PIKK inhibitors block multiple steps in the Vpr-mediated progression to polyploidy. (A) Flow cytometric cell cycle analysis of HK2 cells 48 h following transduction with TY2-Vpr-GFP with or without VE821. The x axis shows the DNA content, and the y axis indicates the relative cell number. The relative numbers of cells within the G₀/G₁, G₂/M, and polyploid gates are indicated in each panel. (B) Flow cytometric analysis as in panel A for cells treated with luciferase (control), KU60019, rapamycin (Rap), or KU60019 and rapamycin together.
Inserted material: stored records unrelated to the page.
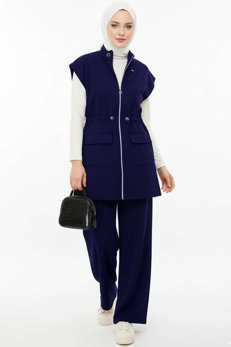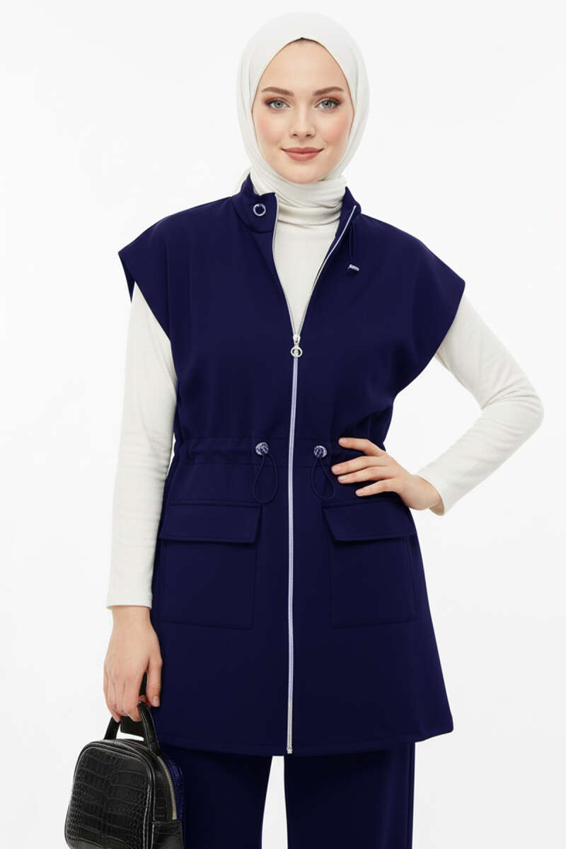 Fitilli Esnek Triko Kazak Lacivert
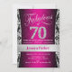 70th Birthday Party Invitation in pink black and silver.
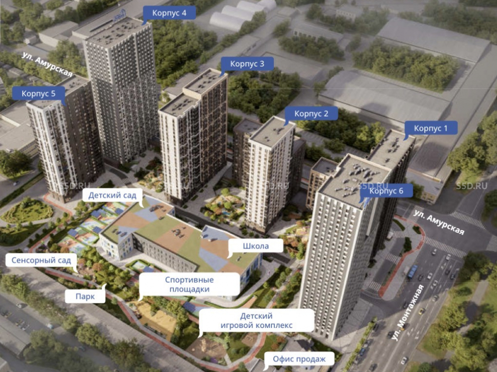 Проект включает 6 монолитных корпусов с наполнением бизнес-класса с переменной этажностью в 10-32 этажа, подземный паркинг, собственную школу и детский сад - 1912 квартир на 3074 человека.
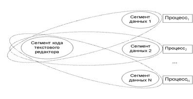 Например, при функционировании терминального класса одновременно могут быть сформированы несколько копий текстового редактора. В этом случае сегмент кода у всех процессов, соответствующих редакторам, будет единый, а сегменты данных будут у каждого процесса свои.
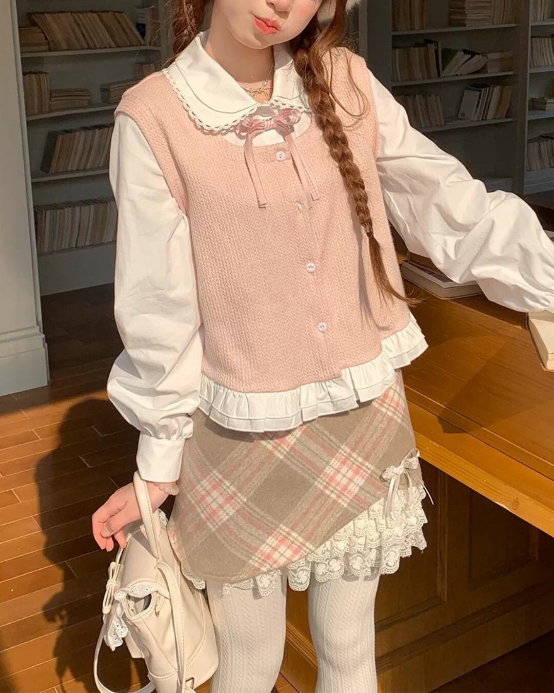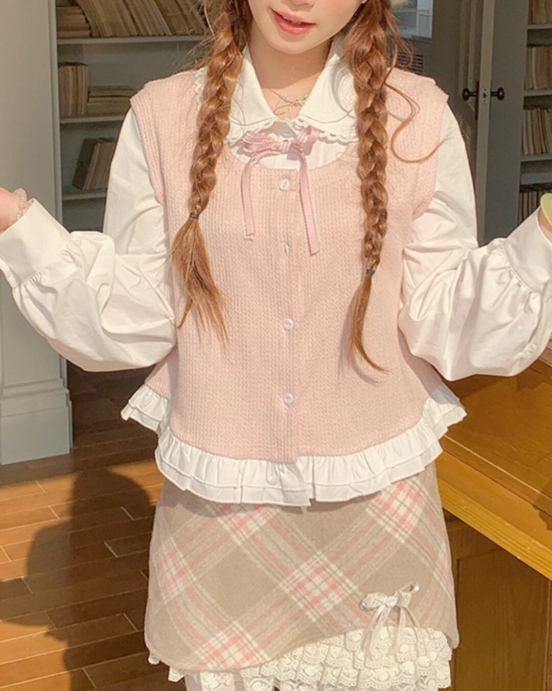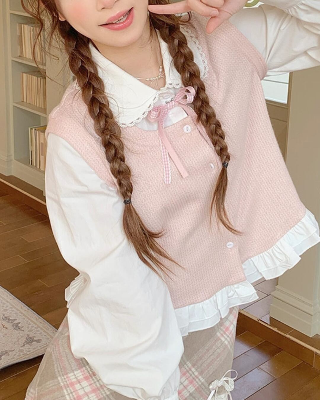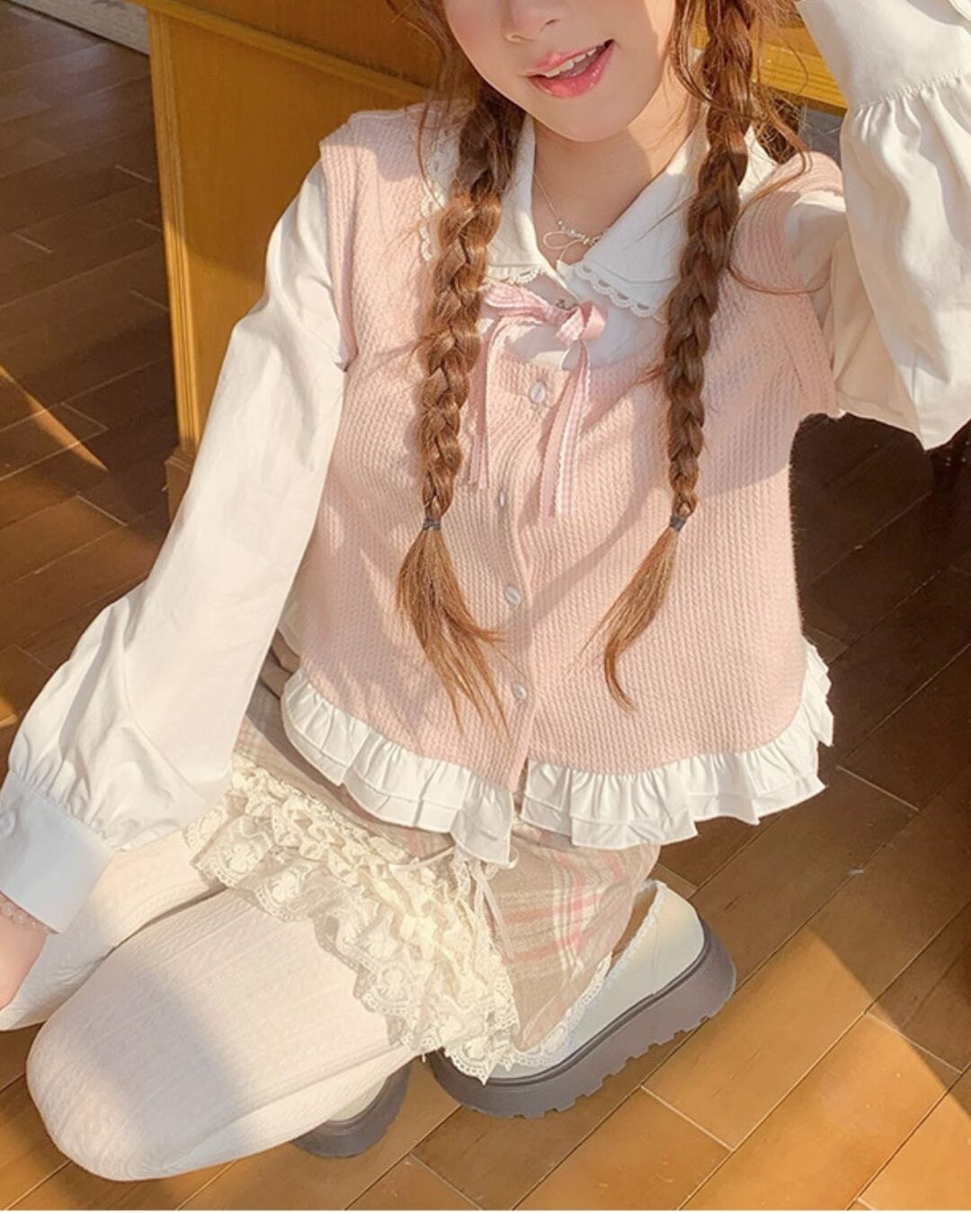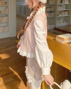 シャツとベストがレイヤードされたようなデザインのトップス♡

Vpr expression is as in panel A where indicated. (C to E) Quantitation of three replicates of the experiment for which results are shown in panel B. The mean value is plotted for each condition (expressed as the fold change or percentage of cells as indicated), and error bars indicate standard deviations. Asterisks indicate significance by one-way ANOVA (*, P < 0.001; **, P < 0.0002; ***, P < 0.0001). (F) siRNA treatment targeting ATM. (Top) Western blot of HK2 cells treated with a negative control (si-Neg) or ATM (si-ATM) siRNA, with or without Vpr expression. Cells were probed for ATM, phospho-Chk2, and actin as a loading control. (Bottom) Flow cytometric analysis of the DNA contents of cells treated with the indicated siRNA and expressing or not expressing Vpr, as indicated. The relative number of cells is plotted, and the percentage of cells in a given class of DNA content is indicated in each panel. (G) CRISPR/Cas9-mediated ATM deletion in HK2 cells. (Top) Western blot of HK2 cells (ctrl), two different ATM guide RNAs (ATM-G1 and ATM-G2), and an mTOR guide RNA (mTOR-G1). Cells were probed for ATM or for actin as a loading control. (Bottom) Flow cytometric analysis of HK2 or ATM-G2 (ATM-deleted) cell lines upon infection with TY2-Vpr-GFP. (H and I) Flow cytometric analysis of HK2 cells, infected with an NL4-3.HSA.Vpr⁺ or Vpr⁻ virus pseudotyped with the VSV-G envelope and then treated with rapamycin (H) or KU60019 (I). Infections were performed for 3 days, and the drug was added 1 h after infection. For control data, see Fig. 2C.

FIG 6

DNA-PK inhibitors eliminate polyploidy without affecting G₂/M arrest. (A) HK2 cells were either left uninfected or infected with TY2-Vpr-GFP. Four hours postinfection, NU7441 (a DNA-PK inhibitor) was added to the medium. Cells were harvested 2 days postinfection and their DNA contents measured by flow cytometry. (B to D) Quantitation of the results for three replicates of the experiment for which results are shown in panel A. (E) Flow cytometric analysis of HK2 cells that were first infected with an NL4-3.HSA.Vpr⁺ or Vpr⁻ virus pseudotyped with the VSV-G envelope and then treated with NU7441. Infections were performed for 2 days, and the drug was added 1 h after infection.

FIG 7

Model for escape from G₂ arrest and polyploidy progression in Vpr⁺ RTECs. In renal cells, expression of HIV-1 Vpr induces G₂ arrest. Cells that escape G₂ arrest either undergo aberrant mitosis followed by mitotic cell death or endoreplicate to become polyploid. Inhibitors known to target PIKK family members block distinct steps of the progression to polyploidy in renal cells.